**Stored data:**

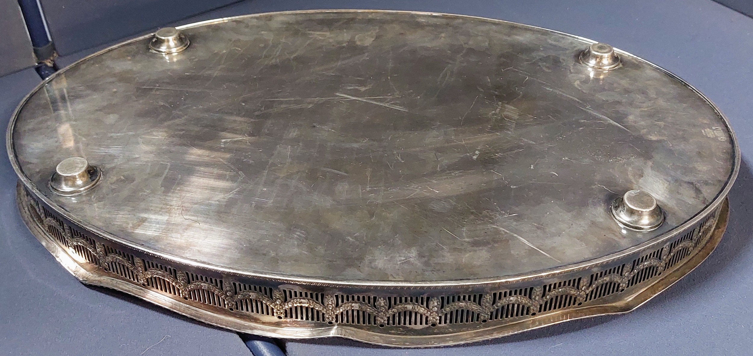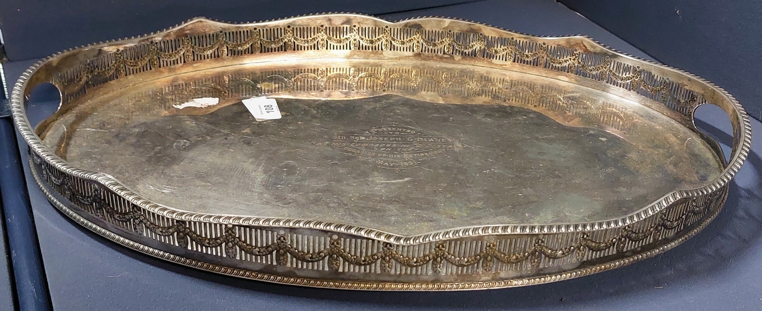 Large Pierced Gallery Silver Plate Tray with Inscription - C. 56cm W x 37cm D
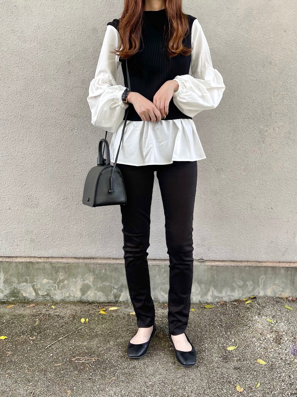 nostalgia_jp のボリューム スリーブドッキングニット着ました🍂 たっぷりのボリューム袖がかわいくて 細かい縦ラインのニットで細見えします🥰 最近買ったUNIQLOの 黒スキニーと合わせました👖🤍 Instagram ☞ @aiko.01234
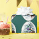 Vacker Curly Jackade Retriever som stod söt av ett dekorerat skogsland Julgran. Fin helgdag-dekanter och gåvor.
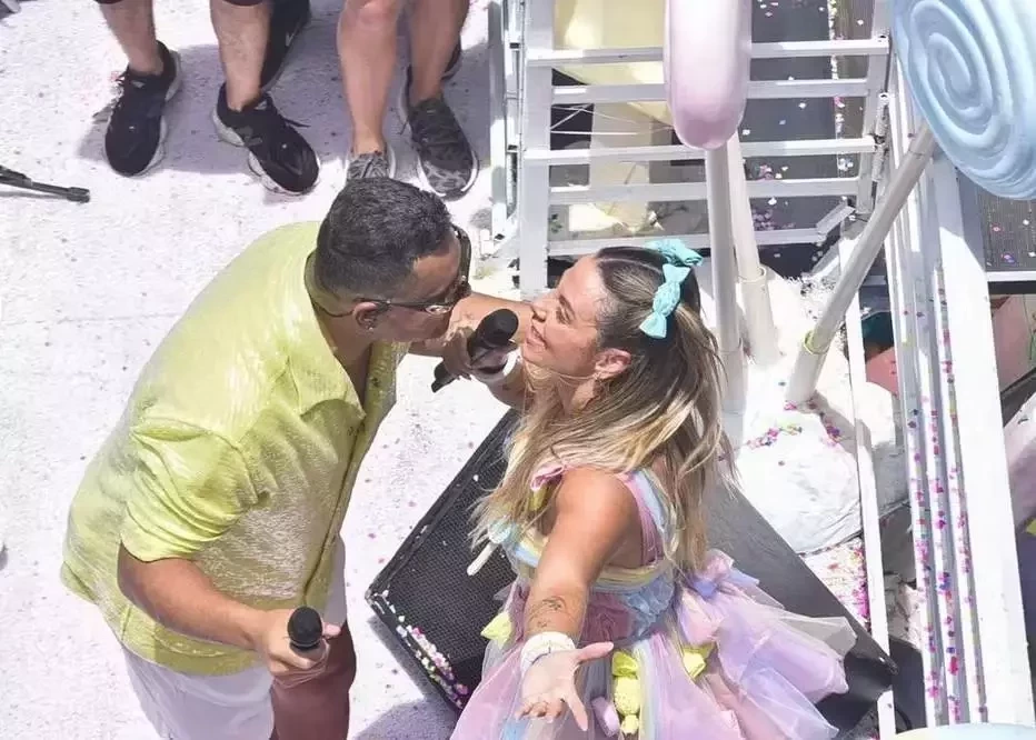 Carla Perez e Xanndy se beijam no trio elétrico de bloco infantil; fotos!

**Brief:** In the copy you return, include exactly the lines from the one containing "Vacker Curly Jackade" through the final line of the listing, and no pictures.

**Final answer:**
 Vacker Curly Jackade Retriever som stod söt av ett dekorerat skogsland Julgran. Fin helgdag-dekanter och gåvor.
 Carla Perez e Xanndy se beijam no trio elétrico de bloco infantil; fotos!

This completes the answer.